11. What object can you leave home?
Four critical things; keys, phone, wallet, airbags.
12. What makes you angry?
Distrust and unreliability…. People who shoot you or lie or try to fool you.
13. Do you consider that it is the responsibility of the trademark or influencers to ensure authenticity and transparency?
I think that is the responsibility of both sides. When you share something on your platform, you hope it's authentic – whether you love the product, have used it for a year, or tried it and can vouch for it. But there are occasions when a brand needs to bring out certain details that may not be known to the influencer. It's the capitalist world out there, and advertising blends in with it wholeheartedly; people try to sell things. But if content is blatant advertising, you know – and consumers are too smart for that !!

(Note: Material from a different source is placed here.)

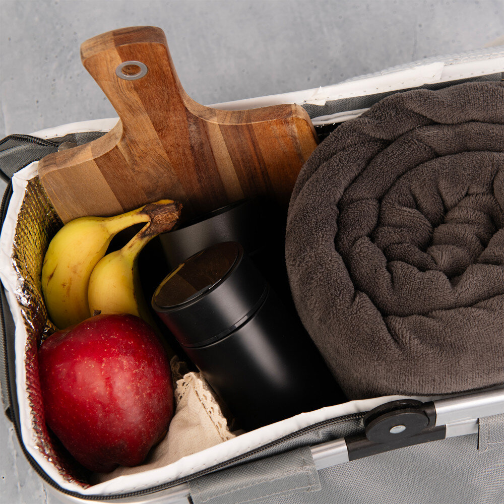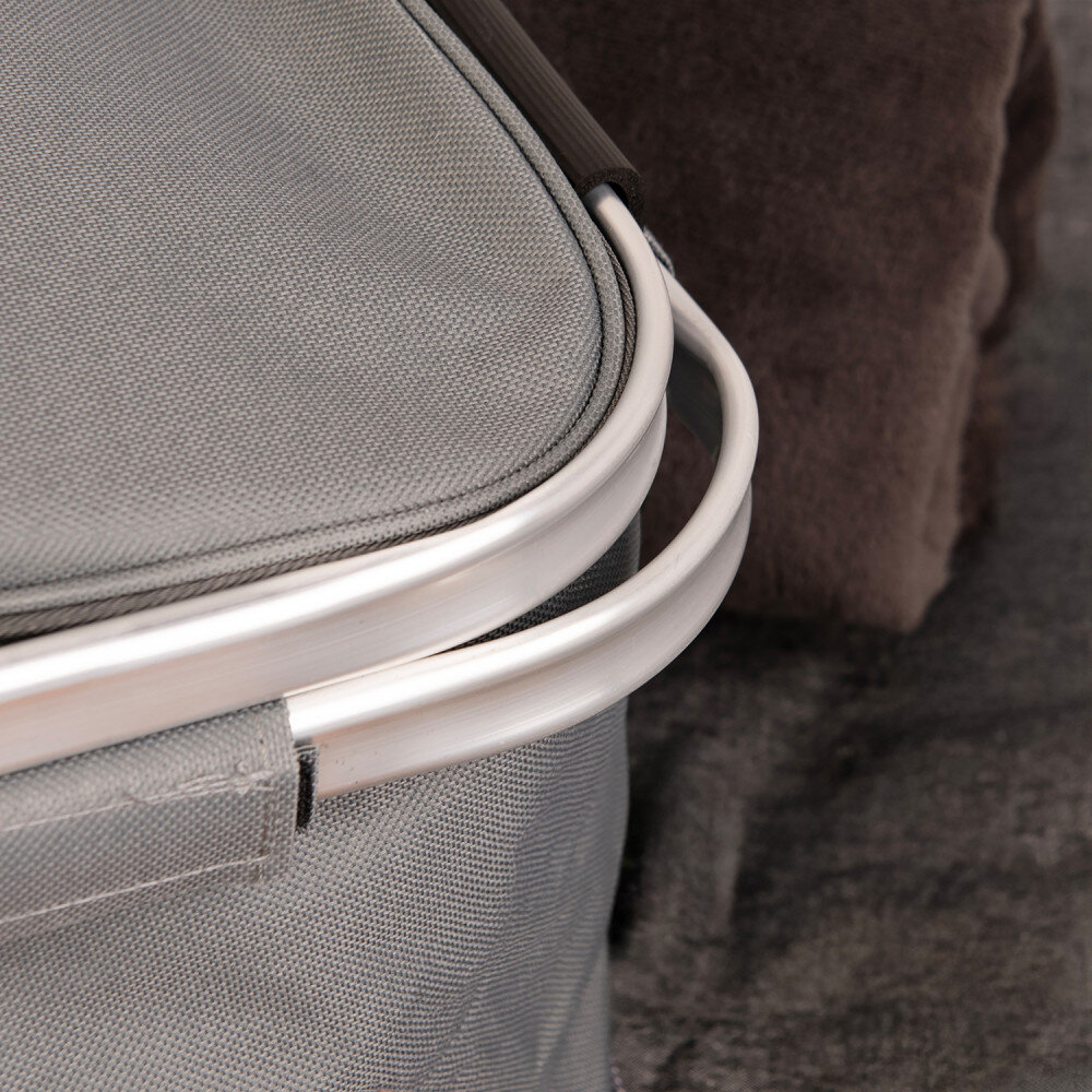 Co jest niezbędne na udany piknik w pięknym otoczeniu? Dokładnie, termiczny kosz piknikowy! Sprawdzi się idealnie zarówno na wyjeździe, jak i w parku, ale i na zwykłe codzienne zakupy. Kosz ma pojemność 24l, z zewnątrz pokryty woodoodpornym poliestrem, a wewnątrz pianką/folią aluminium (materiał termoizolacyjny). Kosz piknikowy jest składany, więc jest łatwy w przechowywaniu, ponieważ zajmuje mało miejsca, składana jest również rączka. Stelaż wykonany z aluminium. Kosz jest zamykany na 2 stronny zamek błyskawiczny.

14. Which email address position would immediately turn you off?
15. Who takes your pictures?
Although not his full-time job, my husband is a professional photographer and always takes my pictures whenever possible. This is quite useful if you have your own production buildings in the house, because you can move as fast as you want!
16. What do you miss most about Sweden?
Mostly proximity to nature – a fresh, invigorating scent outdoors, actually a chance to see the horizon, but also proximity to the ocean. I also miss the food, especially all the fresh fish and of course cinnamon buns! It's all about balance.